Они пожали друг другу руки в последний раз, после чего Старвик и Элинор повернулись и пошли прочь. Таким образом, с такими краткими и случайными словами узы дружбы, вся преданность, вера и страстные обещания молодости были навсегда разрушены. Они видели друг друга после — жизнь порой случайно сталкивала их, — но никогда больше не говорили друг с другом.
Они ждали в неловком молчании, пока не проводили Старвика и Элинор, которые сели в такси и уехали. Тогда они с Энн вместе пошли пешком по большому четырехугольному двору Лувра. Дымка голубоватого тумана, мягкая, расплывчатая, как вуаль, повисла в воздухе над уходящими вдаль просторами Тюильри и площади Согласия. Маленькие такси мчались по широкому пространству между огромными крыльями Лувра и через арки, наполняя воздух угрожающим гулом, как рассерженные осы, и пронзительно, взволнованно гудя своими сигналами. И через эту завесу синеватой дымки ушей Юджина и Энн достиг подавляющий, таинственный голос Парижа: то был звук, огромный и журчащий, как само время, слитый воедино из ярых криков и гомона его четырех миллионов жителей, и в то же время странно приглушенный, соблазнительный, чувственный, жестокий и захватывающий, наполненный одновременно жизнью и смертью. Таинственный аромат этой жизни наполнил Юджина мощным опьянением своей магии. Он вдохнул в легкие острый дымный воздух, содержавший, казалось, некое особо тонкое благовоние огромного города надежд и тайных обещаний, горя, радости и ужаса, дикого безымянного голода и нестерпимого желания. Воздух заставил онеметь его внутренности и члены от какого-то чувственного предвидения, заставил его сердце биться сильно и быстро, заставил его дыхание ускориться, он смешался с током и пульсом крови и заставил горе, радость, печаль и дикую боль смешаться в единую магию неосязаемого желания, все ускорявшую ритм его сердца.

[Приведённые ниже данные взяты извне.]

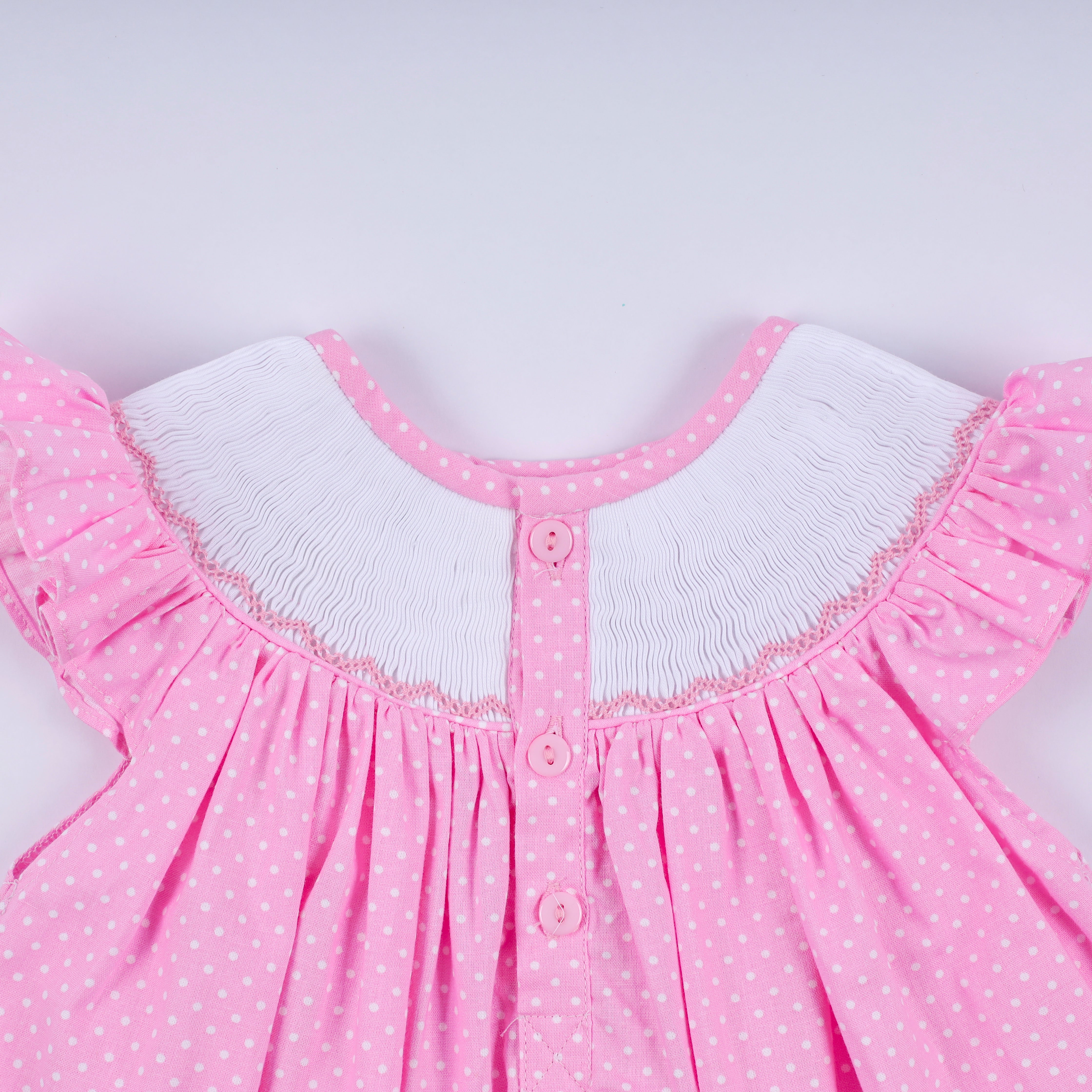 • Pink polka dot fabric with adorable ruffle sleeves
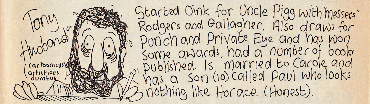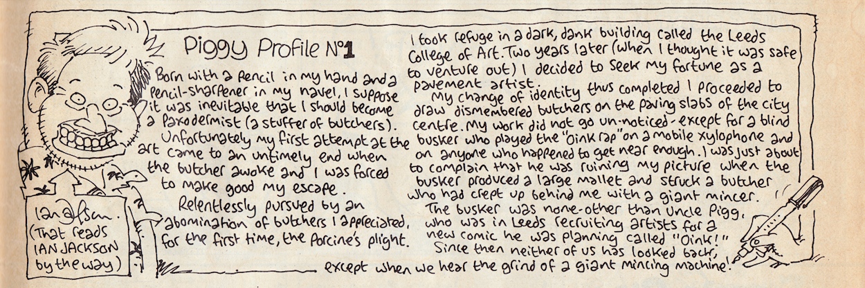 “The friends I met, my fellow artists, the readers who are artists and writers themselves who say OiNK was such an influence on their work. I loved every minute I worked for OiNK, I would have done it for nothing!” (“What?!” – Uncle Pigg)

Они медленно шли по огромному двору Лувра, потом прошли под гигантской каменной кладкой Арки и попали на Рю-де-Риволи. Улица во второй половине дня кишела, как какая-то плотная паутина: чувственная, сложная, запутанная, полная жизни и движения; подавляющий огромный улей, смешение бизнеса и развлечения; улица была полна блестящими машинами, рычанием моторов, криками, гудением сигналов, угрожающим гудением машин, а с другой стороны, под арочными колоннадами, непрекращающимися потоками кишела толпа.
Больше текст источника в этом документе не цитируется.